From: Florian Westphal <fw@strlen.de>

if net.bridge.bridge-nf-filter-vlan-tagged sysctl is enabled, bridge
netfilter removes the vlan header temporarily and then feeds the packet
to ip(6)tables.

When the new "bridge-nf-pass-vlan-input-device" sysctl is on
(default off), then bridge netfilter will also set the
in-interface to the vlan interface; if such an interface exists.

This is needed to make iptables REDIRECT target work with
"vlan-on-top-of-bridge" setups and to allow use of "iptables -i" to
match the vlan device name.

Also update Documentation with current brnf default settings.
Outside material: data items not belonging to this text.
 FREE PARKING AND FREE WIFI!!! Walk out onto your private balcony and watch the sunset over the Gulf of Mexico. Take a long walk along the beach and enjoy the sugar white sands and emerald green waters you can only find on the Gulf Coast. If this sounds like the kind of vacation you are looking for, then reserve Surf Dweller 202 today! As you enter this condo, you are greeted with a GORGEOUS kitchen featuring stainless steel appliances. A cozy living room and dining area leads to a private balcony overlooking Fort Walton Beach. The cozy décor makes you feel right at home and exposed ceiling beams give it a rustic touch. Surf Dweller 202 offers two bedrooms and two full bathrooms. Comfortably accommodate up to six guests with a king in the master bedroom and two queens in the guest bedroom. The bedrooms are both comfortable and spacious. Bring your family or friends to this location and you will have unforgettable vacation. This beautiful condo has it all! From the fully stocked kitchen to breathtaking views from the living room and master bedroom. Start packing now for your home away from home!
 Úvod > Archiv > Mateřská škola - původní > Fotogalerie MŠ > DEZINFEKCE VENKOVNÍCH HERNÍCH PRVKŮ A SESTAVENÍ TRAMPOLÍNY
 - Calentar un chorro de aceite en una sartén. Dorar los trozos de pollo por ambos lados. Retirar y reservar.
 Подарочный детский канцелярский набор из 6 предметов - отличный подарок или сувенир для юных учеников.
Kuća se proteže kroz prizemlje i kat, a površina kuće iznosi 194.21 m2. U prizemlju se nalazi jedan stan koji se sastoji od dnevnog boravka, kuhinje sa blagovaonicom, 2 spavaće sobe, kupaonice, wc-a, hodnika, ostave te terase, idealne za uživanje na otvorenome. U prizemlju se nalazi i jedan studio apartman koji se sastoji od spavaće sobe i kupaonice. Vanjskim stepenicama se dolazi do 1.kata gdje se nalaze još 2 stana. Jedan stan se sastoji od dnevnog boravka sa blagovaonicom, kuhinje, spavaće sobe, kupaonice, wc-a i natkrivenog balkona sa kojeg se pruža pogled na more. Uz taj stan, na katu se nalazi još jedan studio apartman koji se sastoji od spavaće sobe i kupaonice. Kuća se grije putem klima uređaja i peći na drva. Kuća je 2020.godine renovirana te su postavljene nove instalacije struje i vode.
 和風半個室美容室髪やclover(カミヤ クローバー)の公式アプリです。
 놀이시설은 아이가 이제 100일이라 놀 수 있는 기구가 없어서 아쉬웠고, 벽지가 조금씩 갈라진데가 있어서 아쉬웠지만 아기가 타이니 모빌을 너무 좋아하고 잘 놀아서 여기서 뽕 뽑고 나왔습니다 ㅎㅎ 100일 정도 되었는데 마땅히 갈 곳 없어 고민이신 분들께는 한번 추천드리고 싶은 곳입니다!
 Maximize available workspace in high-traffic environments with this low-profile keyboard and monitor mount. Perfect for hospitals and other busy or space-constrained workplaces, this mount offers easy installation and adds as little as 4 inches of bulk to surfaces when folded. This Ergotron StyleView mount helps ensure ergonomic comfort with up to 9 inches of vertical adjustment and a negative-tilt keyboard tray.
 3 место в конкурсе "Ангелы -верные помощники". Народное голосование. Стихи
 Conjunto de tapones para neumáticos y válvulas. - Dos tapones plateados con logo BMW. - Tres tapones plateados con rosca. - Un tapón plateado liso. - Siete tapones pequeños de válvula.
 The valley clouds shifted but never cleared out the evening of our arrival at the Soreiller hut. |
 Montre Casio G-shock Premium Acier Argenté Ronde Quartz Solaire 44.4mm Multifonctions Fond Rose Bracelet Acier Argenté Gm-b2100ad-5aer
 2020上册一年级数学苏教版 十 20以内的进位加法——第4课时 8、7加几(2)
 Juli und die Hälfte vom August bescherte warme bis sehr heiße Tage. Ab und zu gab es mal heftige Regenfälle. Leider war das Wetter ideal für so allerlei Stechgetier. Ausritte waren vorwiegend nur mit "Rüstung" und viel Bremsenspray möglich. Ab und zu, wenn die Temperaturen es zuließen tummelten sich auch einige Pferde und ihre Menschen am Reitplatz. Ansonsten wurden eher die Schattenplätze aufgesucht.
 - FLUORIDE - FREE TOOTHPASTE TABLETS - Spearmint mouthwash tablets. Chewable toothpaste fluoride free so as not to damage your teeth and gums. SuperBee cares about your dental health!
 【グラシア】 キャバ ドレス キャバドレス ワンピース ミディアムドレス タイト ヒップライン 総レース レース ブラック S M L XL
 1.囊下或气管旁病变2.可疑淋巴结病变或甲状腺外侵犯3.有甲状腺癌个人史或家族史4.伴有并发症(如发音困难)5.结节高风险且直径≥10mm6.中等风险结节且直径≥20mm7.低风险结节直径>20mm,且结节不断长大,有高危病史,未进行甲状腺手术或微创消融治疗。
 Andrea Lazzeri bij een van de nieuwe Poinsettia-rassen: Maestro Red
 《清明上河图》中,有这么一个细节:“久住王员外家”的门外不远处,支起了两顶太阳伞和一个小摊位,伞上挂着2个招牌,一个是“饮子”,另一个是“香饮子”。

Signed-off-by: Florian Westphal <fw@strlen.de>
Acked-by: Bart De Schuymer <bdschuym@pandora.be>
Signed-off-by: Pablo Neira Ayuso <pablo@netfilter.org>
---
 Documentation/networking/ip-sysctl.txt |   13 +++++++++++--
 net/bridge/br_netfilter.c              |   26 ++++++++++++++++++++++++--
 2 files changed, 35 insertions(+), 4 deletions(-)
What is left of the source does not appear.